A succession of ministers, advisers and experts have had a hand in the higher education white paper, but only a few can claim to have left their mark.

Government plans to hold a brief internal review of existing literature on higher education to be published early last year collapsed after ministers woke up to the scale of the challenge.

From the outset the review was a tripartite affair, with No. 10 and the Treasury contributing officials, evidence and politics to a process over which the Department for Education and Skills was nominally in charge.

Prime minister Tony Blair pushed the student-support issue early on, declaring that it was the cause of voter dissatisfaction during the 2001 general election campaign. Mr Blair wanted a review of student support - then separate from the strategy review - but the No. 10 line was in favour of higher fees and the funding of a tier of elite research universities.

Adviser Andrew Adonis, former Oxford academic and Liberal Democrat, was behind much of this. And with top-up fees and the tier of 6*-rated “superversities” confirmed, he clearly made a mark.

Mr Brown made early running too when he condemned the decision by Magdalen College, Oxford, to refuse a place to state-school pupil Laura Spence.

Mr Brown was influenced by people such as the millionaire philanthropist Peter Lampl. Policies such as university outreach schemes with local schools figure strongly in Mr Lampl’s agenda and now in the white paper.
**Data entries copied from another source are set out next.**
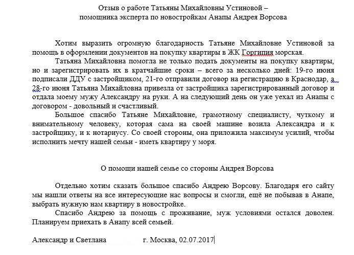 ЗаботаС Александром и Светланой мы общались только по электронной почте. К тому моменту, когда они приехали в Анапу, мне необходимо было отлучиться по делам на неделю. За эту неделю они отлично поладили с моей сотрудницей Татьяной, о чём не забыли оставить отзыв. Увидеться в этот раз у нас так и не получилось, но на сдаче дома в эксплуатацию, я уверен, мы увидимся. Спасибо друзья, мне очень приятно было получить ваш отзыв о нашей работе!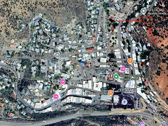 Large 7,533 sqft. lot centrally located in "Old Bisbee" steps from Brewery Gulch. It's labeled in two parts as “380” in the photos provided. Parcel # 103-62-380. Access is from a public stairway just south of 115 Ok Street. I'm not sure about access to utilities but neighboring houses are connected to sewer, water and electricity. Utilities to be verified by the buyer. Sold as-is by owner, zero seller commissions. I'm not a real estate agent.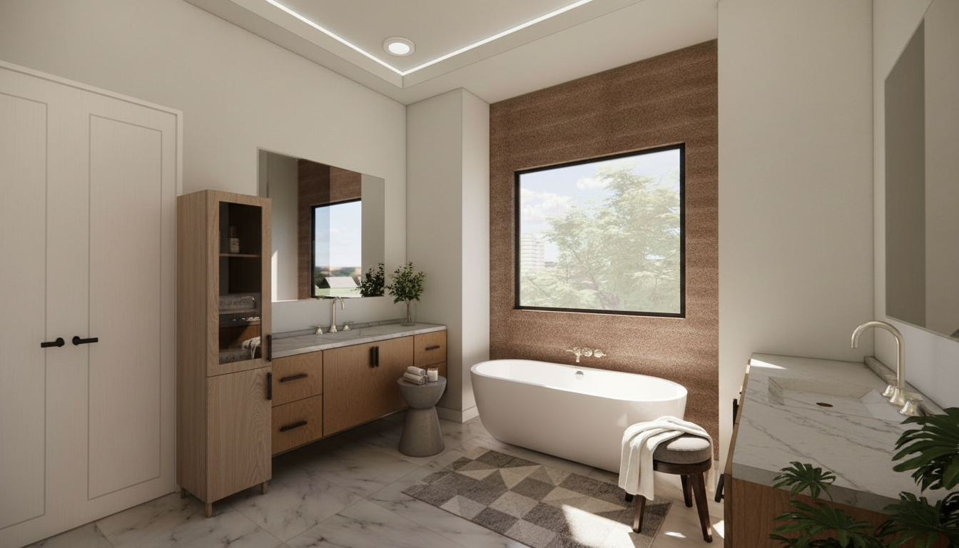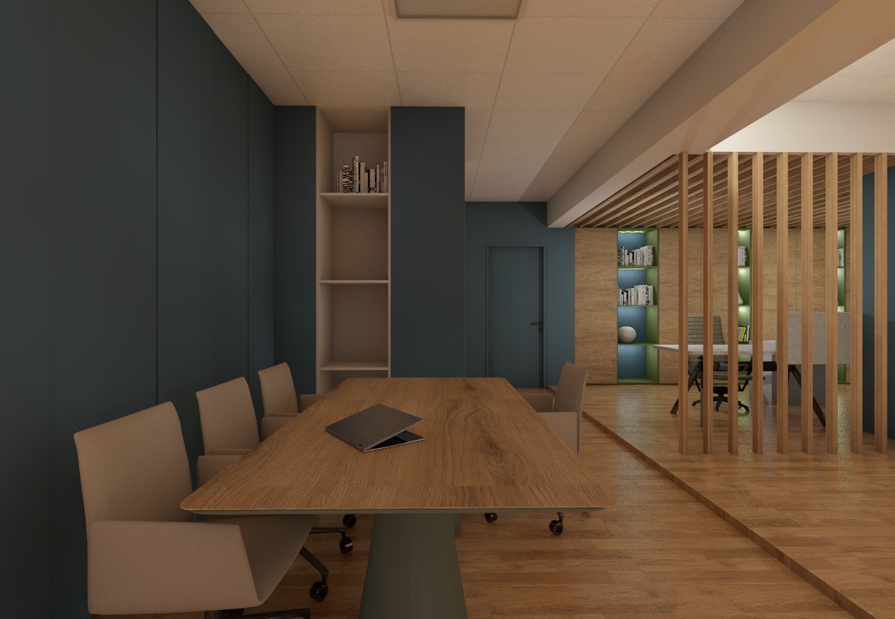 create a high quality realistic render of a modern executive office with a calm professional and prestigious atmosphere the space features warm wooden flooring throughout combined with soft beige and neutral wall tones the main executive desk is placed on a slightly elevated wooden platform reinforcing hierarchy and authority invinting dusty blue keep the initial design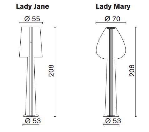 The Lady Jane and Lady Mary floor lamps are over 2 metres high and are awe-inspiring, theatrical objects.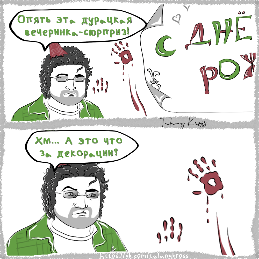 Автор: Талани КроссЭтот комикс должен был появиться еще вчера в честь дня рождения моего дорого соавтора Робина Штенье, но я, как истинный слоупок, просрала все сроки не успела закончить его вовремя.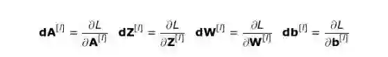 我们的任务是计算 dW [1] 和 db [l] (它们是与当前层参数相关的导数),以及 dA[l-1](它将被传递给前一层)。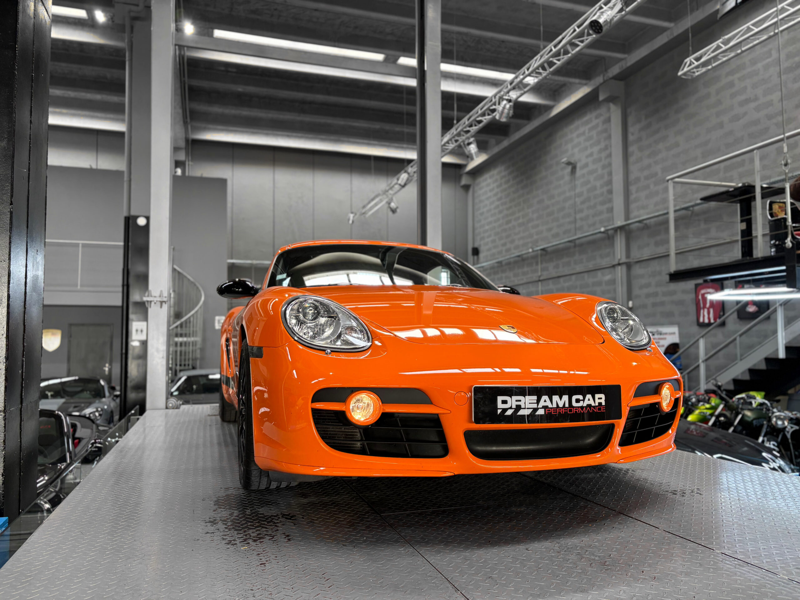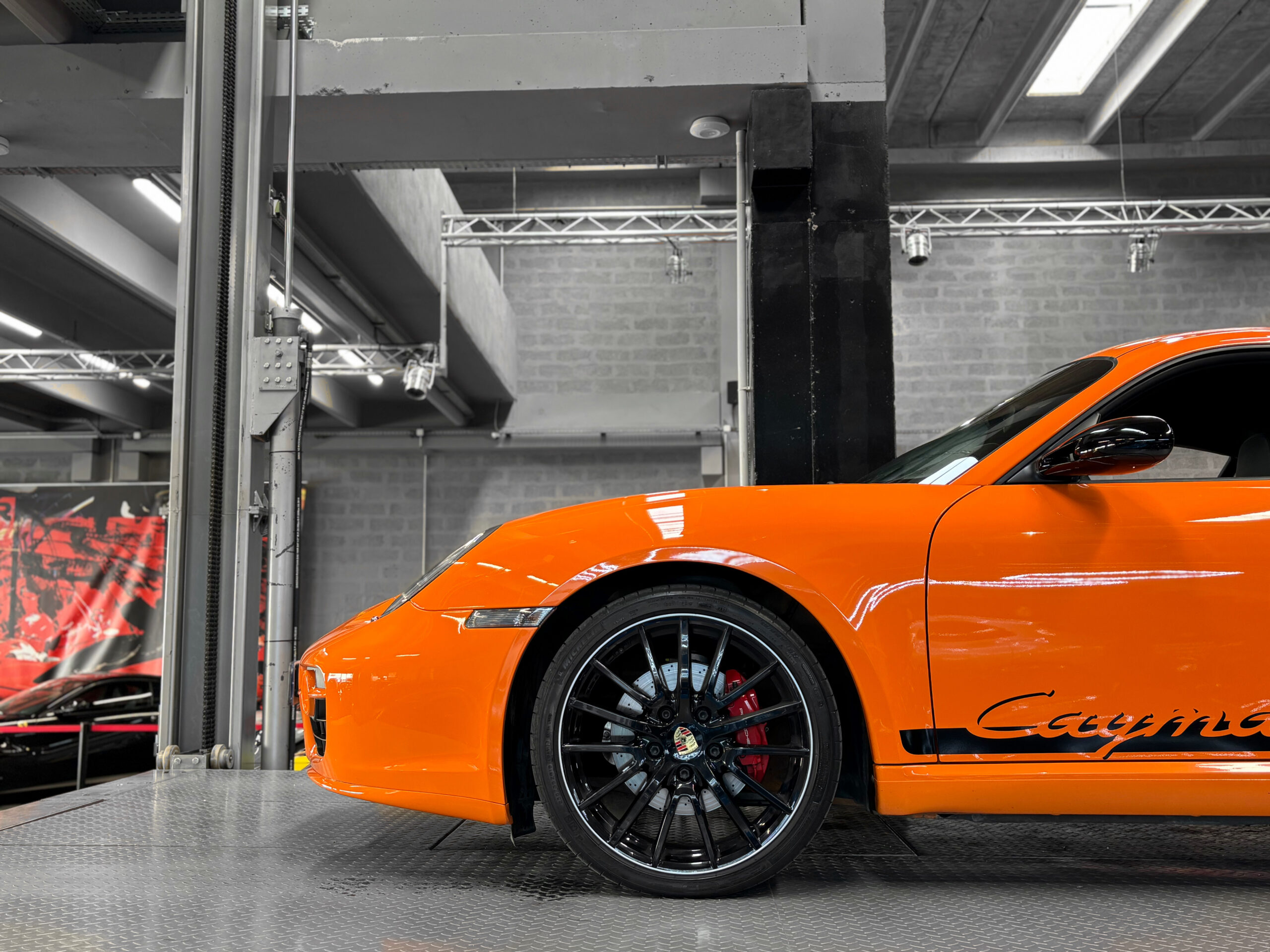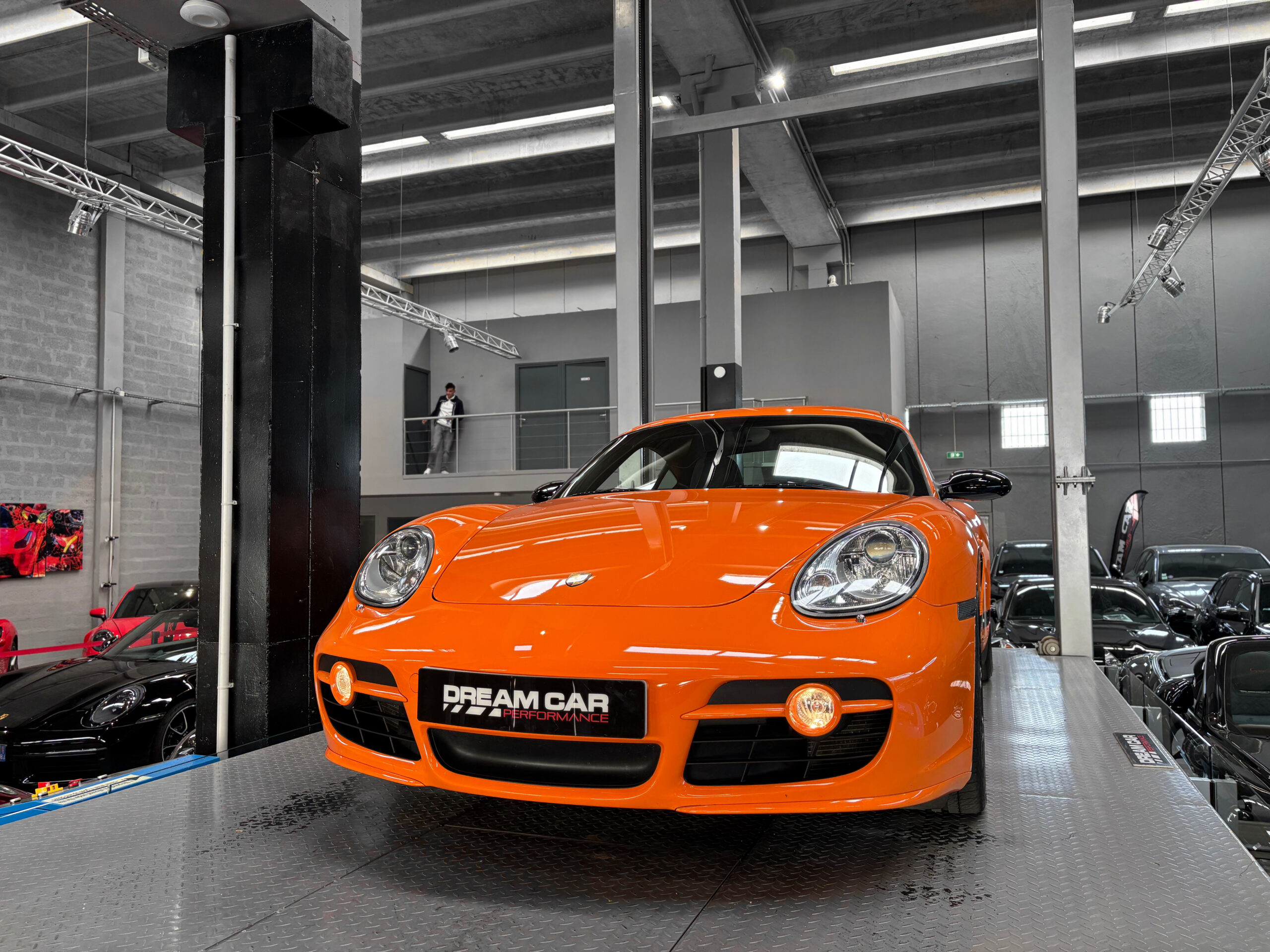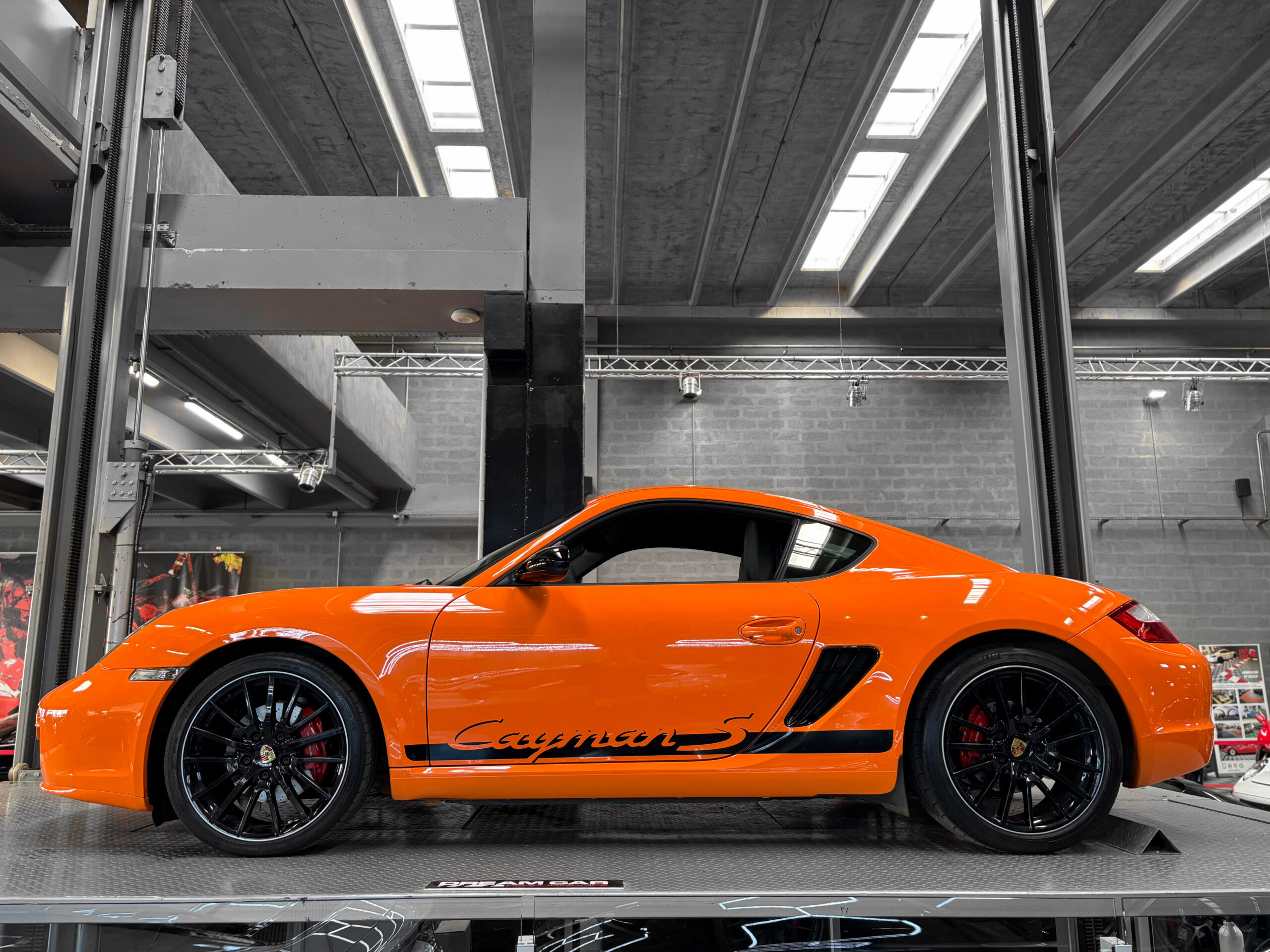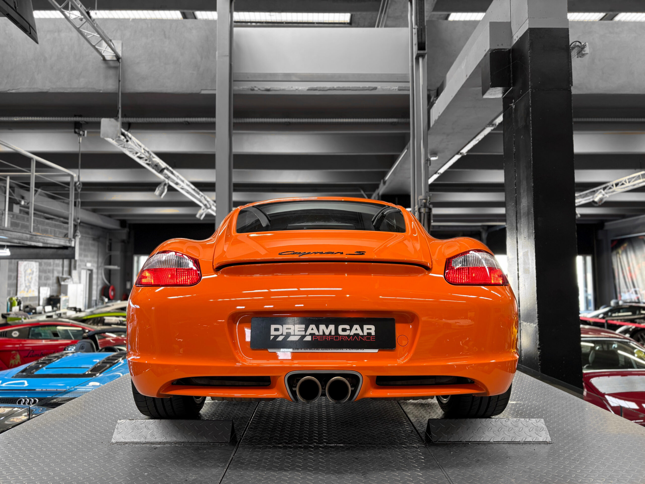 La Cayman 987 S Sport Edition se distingue par son Orange vif, ses jantes noires 19”, ses bandes “Cayman S” sur les flancs et son échappement sport.

Both No. 10 and the Treasury were influenced by the ideas of economists such as Nicholas Barr and Iain Crawford from the London School of Economics. They advocated a graduate-contribution scheme that levied a higher rate of interest on graduate repayments. This is more or less what is in the white paper.

There were two notable influences on widening participation. First, Claire Callender, professor of social policy at South Bank University. The removal of upfront fees and restoration of means-tested grants are testament to her influence.

Second, Wendy Piatt from the Institute for Public Policy Research, whose widening-participation work can be credited with the return of grants for students.